Intel Finds Moore's Law's Next Step At 10 Nanometers (ieee.org)
An anonymous reader writes: Sometime in 2017, Intel will ship the first processors built using the company's new, 10-nanometer chip-manufacturing technology. Intel says transistors produced in this way will be cheaper than those that came before, continuing the decades-long trend at the heart of Moore's Law -- and contradicting widespread talk that transistor-production costs have already sunk as low as they will go.
In the coming years, Intel plans to make further improvements to the design of these transistors. And, for the first time, the company will optimize its manufacturing technology to accommodate other companies that wish to use Intel's facilities to produce chips based on ARM architecture, which is nearly ubiquitous in modern mobile processors.
In the coming years, Intel plans to make further improvements to the design of these transistors. And, for the first time, the company will optimize its manufacturing technology to accommodate other companies that wish to use Intel's facilities to produce chips based on ARM architecture, which is nearly ubiquitous in modern mobile processors.
One cannot imagine how freaking tired I am of hearing about Moore's Law - there's no law, there's never been one. There was a mere observation that the number of transistors doubled every 18 months or so.
Whoever decided to call this observation a law must forever be held up to shame. And the ones who keep repeating this nonsense.
Moore's Law isn't dead, that's why Intel already has the 3rd 14nm CPU family and is planning another one, Coffee Lake, in 14 nm before moving on to 10nm.
Intel isn't making 4 different CPU families on 14nm cause the process works so well and is so cheap.
First 14nm, Broadwell, was released 2014, released abysmally late and very underperforming, and the first 10nm is expected to be released 1h 2018. They may sample a few trial wafers in 2017, but there won't be a chip sold. 4 years is not what Moore's Law promised back then, and the Tick-Tock model is totally dead and buried as well.
This IEEE Spectrum rag sounds worse like Popular Mechanic with that much paid cheerleading bullshit.
That's what a scientific law is: a relation between measured observations. It can be purely empirical.
There's a law for centrifugal force, and it isn't even a real force!
Thanks to "trusted computing" and all the other innovation and backdoors they've brought to chips, I don't want a new intel processor anymore.

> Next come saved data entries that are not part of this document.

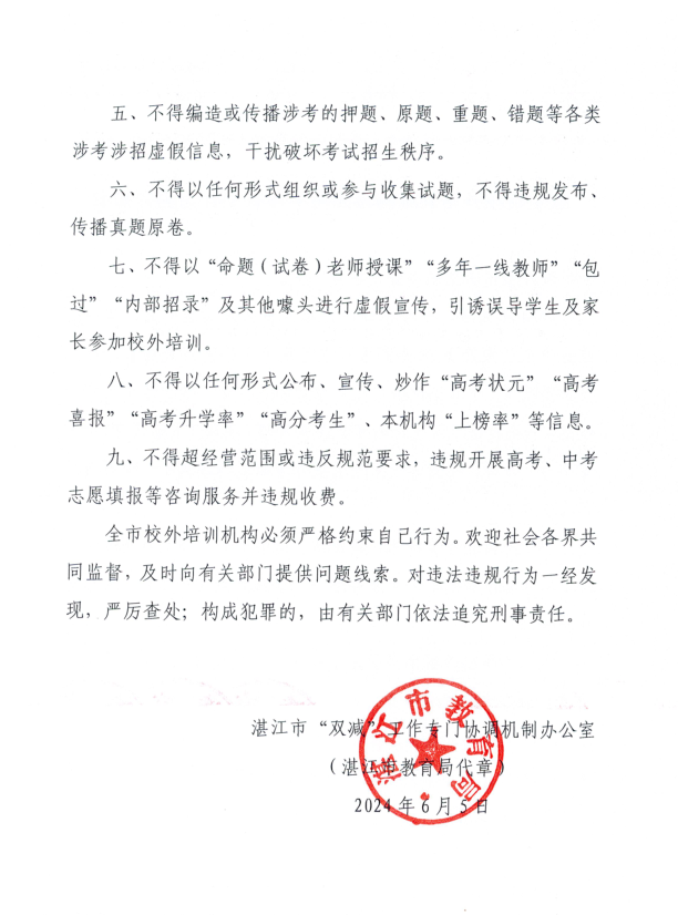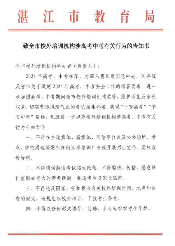 致全市校外培训机构涉高考中考有关行为的告知书
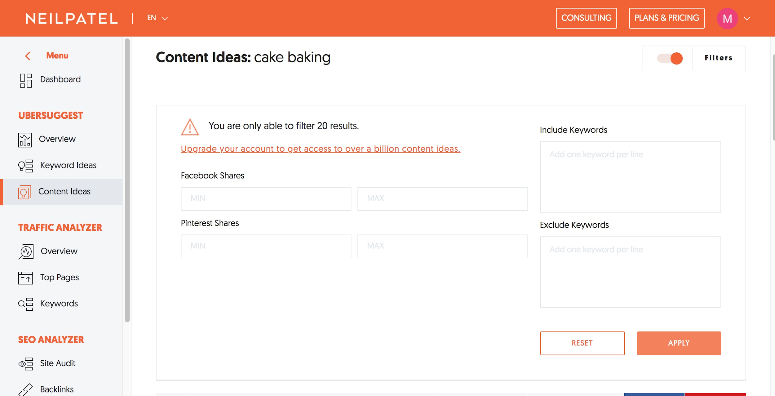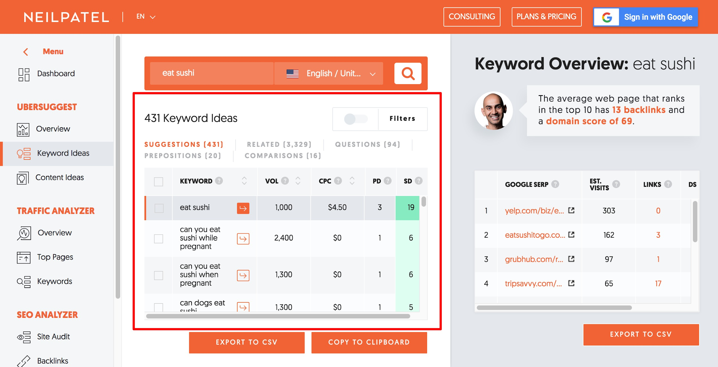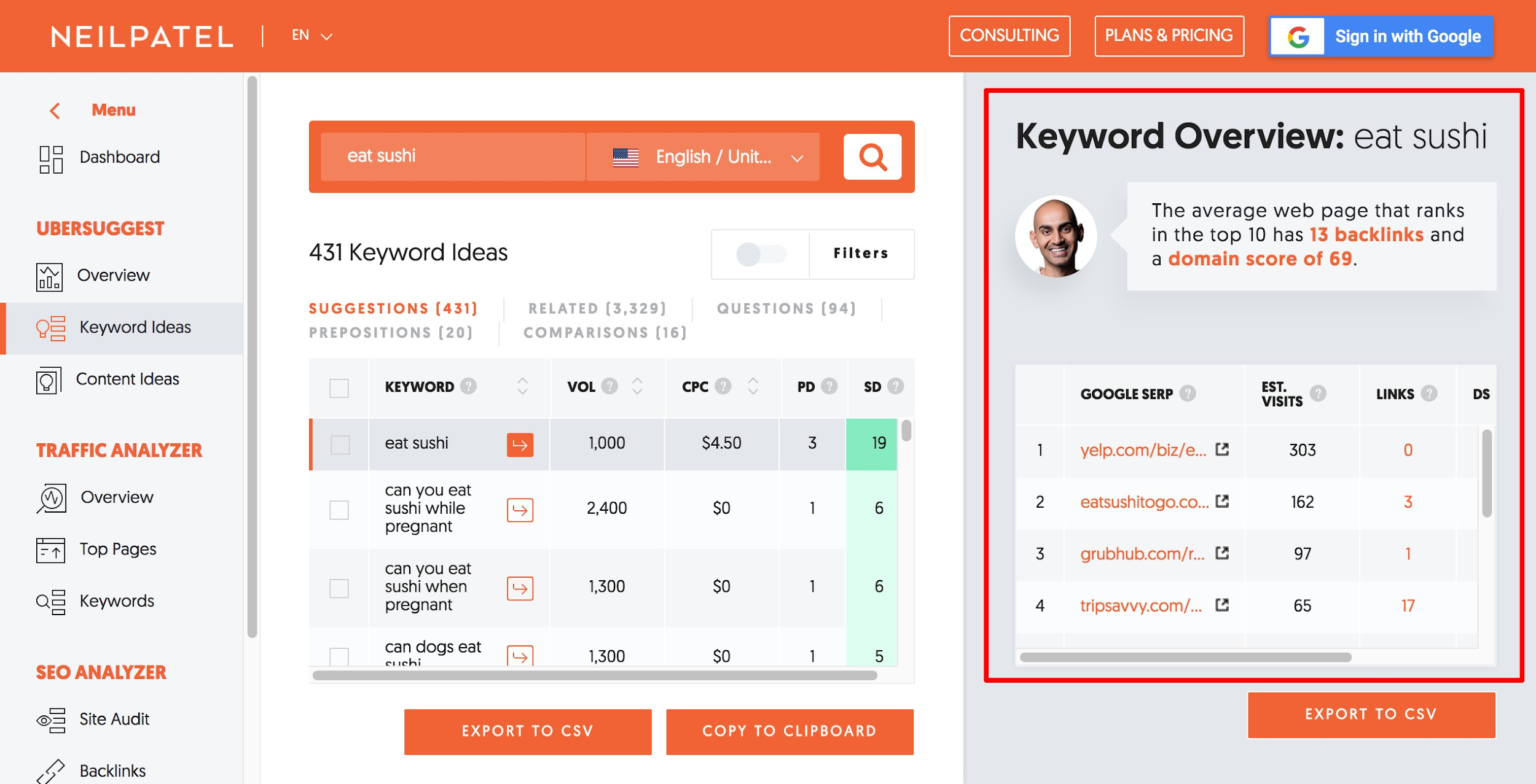 To get more data out of Ubersuggest, sign up for free or get one of their affordable paid subscriptions.
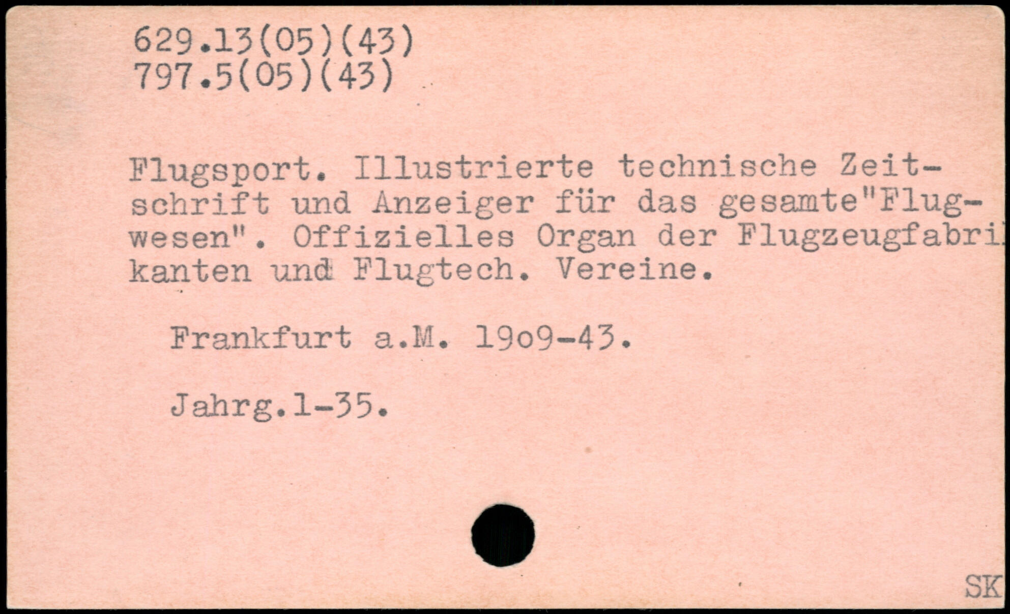 Flugsport. Illustrierte technische Zeitschrift und Anzeiger für das gesamte"Flugwesen”. Offizielles Organ der Flugzeugfabri kanten und Flugtech. Vereine. Frankfurt a.M. 19o9-43. Jahrg.1-35.
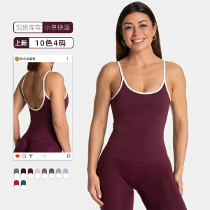 2025夏季新款拼接吊带修身漏背高弹运动健身跑步瑜伽撞色吊带上衣
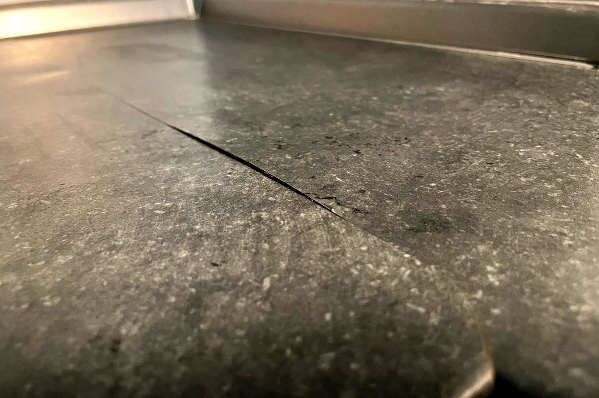 Das ist doch eine Postforming Kante, da ist mit Montagefehler
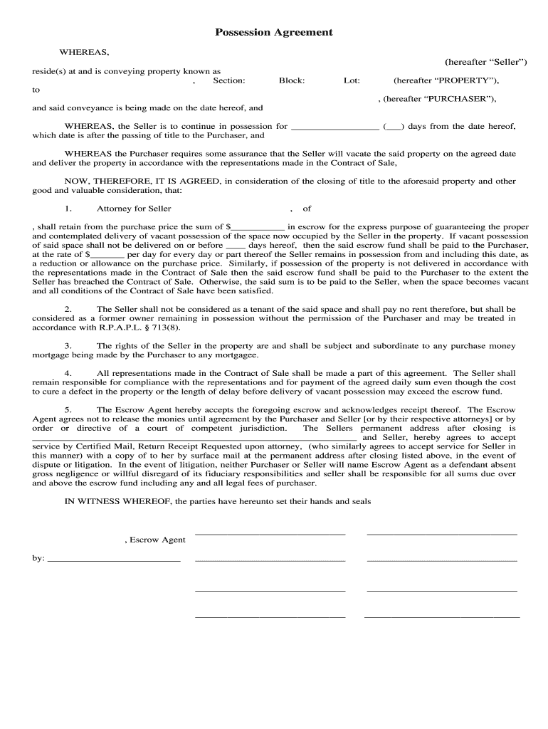 The Possession Agreement is a legal document used by sellers and purchasers in real estate transactions to define terms regarding property possession post-sale.
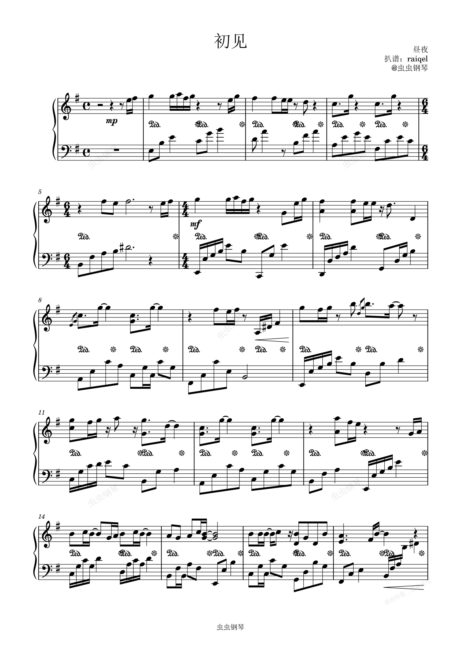 钢琴谱:初见-昼夜(眷思量之烟霞海客)
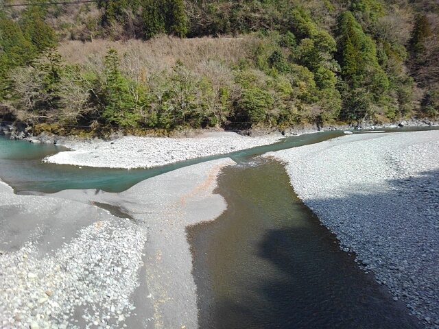 荒涼としてグレーの河川敷。緑はない。間近まで冬だったからというわけでもない。流れが早く草は育たないのか。川の景色にもいろいろある。
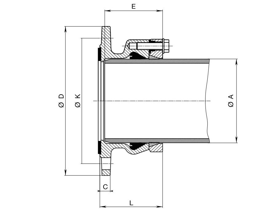 Dragsäker flänskoppling ”System 2000” för PE/PVC-rör upp till PN 16, enligt EN 12842. Läpptätning möjliggör enkel montering, medan det separata dragsäkra systemet aktiveras vid åtdragning av låsringen. Flänsar enligt EN 1092-2. Samtliga material är livsmedelsgodkända och anpassade för dricksvatten.

In technology, 14-20 years is effectively 100 years. Technology is old news in 5 years and almost useless in 10 years. Since we're talking about CPU companies, let me know how competitive a 14 year old CPU is. Patents are great for innovative breakthroughs. They are bad for evolutionary next steps. Instead of making lots of quick steps and evolving technology quickly, create artificial gaps between each step and slow things down.
Let's assert this is uniformly true.
So let's say we reduce the patent term to 2.5 years so it's not old news. After 2.5 years, you can do whatever you like with any invention.
This, in turn, means that the time the creator has to recoup their inventing costs is 2.5 years; no longer. Because after that, a competitor will enter the market having spent nothing to get where the creator spent all that money.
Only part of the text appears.